McMaster, Cunningham make final pitches to voters before Election Day
COLUMBIA, S.C. (WCSC) - Americans will head to the polls for the country’s midterm elections Tuesday, and at the top of the ballot for South Carolinians, voters will be determining who leads the state for the next four years as governor.
They will have a choice between Republican incumbent Gov. Henry McMaster, Democrat Joe Cunningham, and Libertarian Bruce Reeves.
Months of campaigning and crisscrossing the state wrapped up Monday, as the candidates held their final rallies before polls open Tuesday morning.
McMaster, seeking re-election for a second full term, said he will continue the work he’s done since taking office in 2017, highlighting tax cuts, raises for teachers and law enforcement, and billions of dollars going toward infrastructure and road fixes just in the last year during his stump speeches.
“We don’t realize how good we have it. These businesses all around the world are looking to us to invest hundreds of millions of billions of dollars,” McMaster told the crowd at a rally in Greenville on Monday.
His Democratic challenger, former Lowcountry Congressman Joe Cunningham, contends McMaster is holding the state back but said he will be the one to lead it into the future.
Cunningham is vowing to legalize sports betting and medical marijuana, protect abortion access, and eliminate the state income tax, not just lower it.
“No offense to Gov. McMaster, but if he wanted to get something done, he should’ve done it in his last 40 years in politics,” Cunningham told reporters after a rally Saturday in Columbia.
If he is re-elected and serves the entirety of a second full term, McMaster would become the longest-serving governor in state history.

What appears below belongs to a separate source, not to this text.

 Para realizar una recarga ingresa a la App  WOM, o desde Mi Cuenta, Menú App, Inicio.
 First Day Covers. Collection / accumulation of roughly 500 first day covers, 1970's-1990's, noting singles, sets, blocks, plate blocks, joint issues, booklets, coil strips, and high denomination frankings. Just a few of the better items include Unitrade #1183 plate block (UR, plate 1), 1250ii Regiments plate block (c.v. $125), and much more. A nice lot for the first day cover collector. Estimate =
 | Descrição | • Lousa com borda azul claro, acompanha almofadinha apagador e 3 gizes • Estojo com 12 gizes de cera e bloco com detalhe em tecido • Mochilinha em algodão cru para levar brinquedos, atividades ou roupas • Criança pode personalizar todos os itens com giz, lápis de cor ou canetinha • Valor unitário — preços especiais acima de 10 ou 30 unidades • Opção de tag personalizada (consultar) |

“We’ve got the greatest people in the whole world. What we have to be sure to do is our government allows our people to flourish,” he said.

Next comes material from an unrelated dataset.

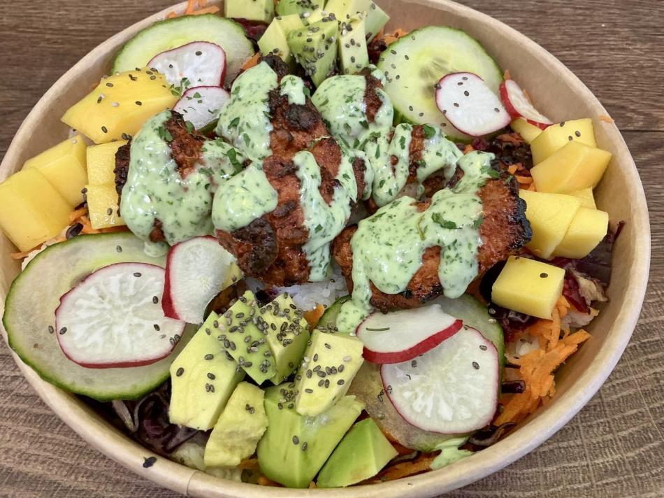 Duftender Reis, hausgemachte süß-saure Soße, Karotten, Gurken, Radieschen, Avocado, Halal-Tandoori-Hähnchen, grüne Soße mit Petersilie, Knoblauch und Sahne.

Cunningham, meanwhile, is seeking not just to unseat an incumbent but to become the first Democrat elected to statewide office in South Carolina in 16 years and the first Democratic governor elected since 1998.
“This will not be an easy fight, just like it was in 2018,” he said, referring to when he flipped a Congressional seat Republicans had held since the 1980s. “But great things like that aren’t easy.”
As for Election Day plans, McMaster will be voting Tuesday morning in Columbia before ending the night at his watch party in the capital city.
Cunningham voted early, so before his watch party Tuesday night in Charleston, he said he plans to visit polling places and maybe get in a run.
Reeves will be holding an election night watch party in Columbia on Tuesday as well.